WORK TO COMPLETE :: With the pictures omitted, print exactly the lines below, from the one containing "推箱子式解谜:游戏采用经典的" through the one containing "Во время групповой", and nothing else.
(RECORD EXTRACTS Opens)
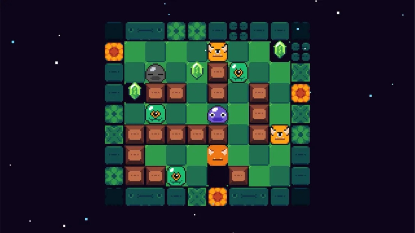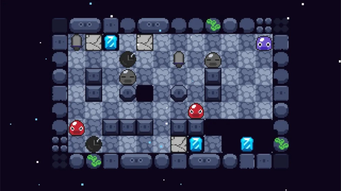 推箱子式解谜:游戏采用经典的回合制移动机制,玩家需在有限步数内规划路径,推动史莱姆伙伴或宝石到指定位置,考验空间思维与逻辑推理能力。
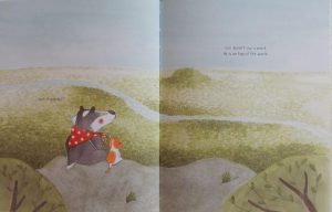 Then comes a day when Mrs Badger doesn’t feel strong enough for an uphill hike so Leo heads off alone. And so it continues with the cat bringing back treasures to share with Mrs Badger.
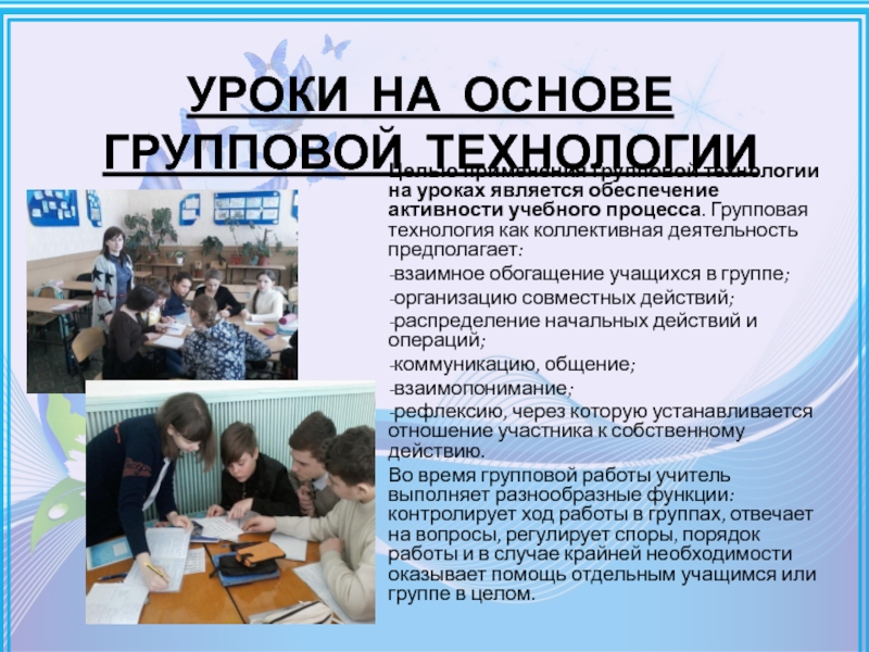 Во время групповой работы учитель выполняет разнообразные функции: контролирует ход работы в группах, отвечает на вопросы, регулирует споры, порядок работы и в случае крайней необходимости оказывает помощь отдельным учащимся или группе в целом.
(RECORD EXTRACTS Closes)
(RECORD EXTRACTS Opens)
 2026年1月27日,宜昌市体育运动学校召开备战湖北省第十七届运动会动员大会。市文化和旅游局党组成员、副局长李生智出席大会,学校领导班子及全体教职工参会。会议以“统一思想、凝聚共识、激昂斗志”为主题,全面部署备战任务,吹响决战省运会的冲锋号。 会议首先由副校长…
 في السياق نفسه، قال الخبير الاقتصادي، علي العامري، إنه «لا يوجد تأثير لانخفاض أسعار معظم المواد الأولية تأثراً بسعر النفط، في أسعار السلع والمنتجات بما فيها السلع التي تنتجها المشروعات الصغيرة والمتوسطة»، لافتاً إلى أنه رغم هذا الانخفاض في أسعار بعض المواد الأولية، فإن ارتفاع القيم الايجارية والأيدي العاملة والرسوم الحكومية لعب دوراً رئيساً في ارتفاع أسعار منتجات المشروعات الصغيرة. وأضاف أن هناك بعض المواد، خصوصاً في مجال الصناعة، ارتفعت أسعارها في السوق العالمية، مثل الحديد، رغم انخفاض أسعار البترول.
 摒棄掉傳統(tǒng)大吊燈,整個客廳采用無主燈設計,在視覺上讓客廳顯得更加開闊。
(RECORD EXTRACTS Closes)
EXERCISE ANSWER ::
 推箱子式解谜:游戏采用经典的回合制移动机制,玩家需在有限步数内规划路径,推动史莱姆伙伴或宝石到指定位置,考验空间思维与逻辑推理能力。
 Then comes a day when Mrs Badger doesn’t feel strong enough for an uphill hike so Leo heads off alone. And so it continues with the cat bringing back treasures to share with Mrs Badger.
 Во время групповой работы учитель выполняет разнообразные функции: контролирует ход работы в группах, отвечает на вопросы, регулирует споры, порядок работы и в случае крайней необходимости оказывает помощь отдельным учащимся или группе в целом.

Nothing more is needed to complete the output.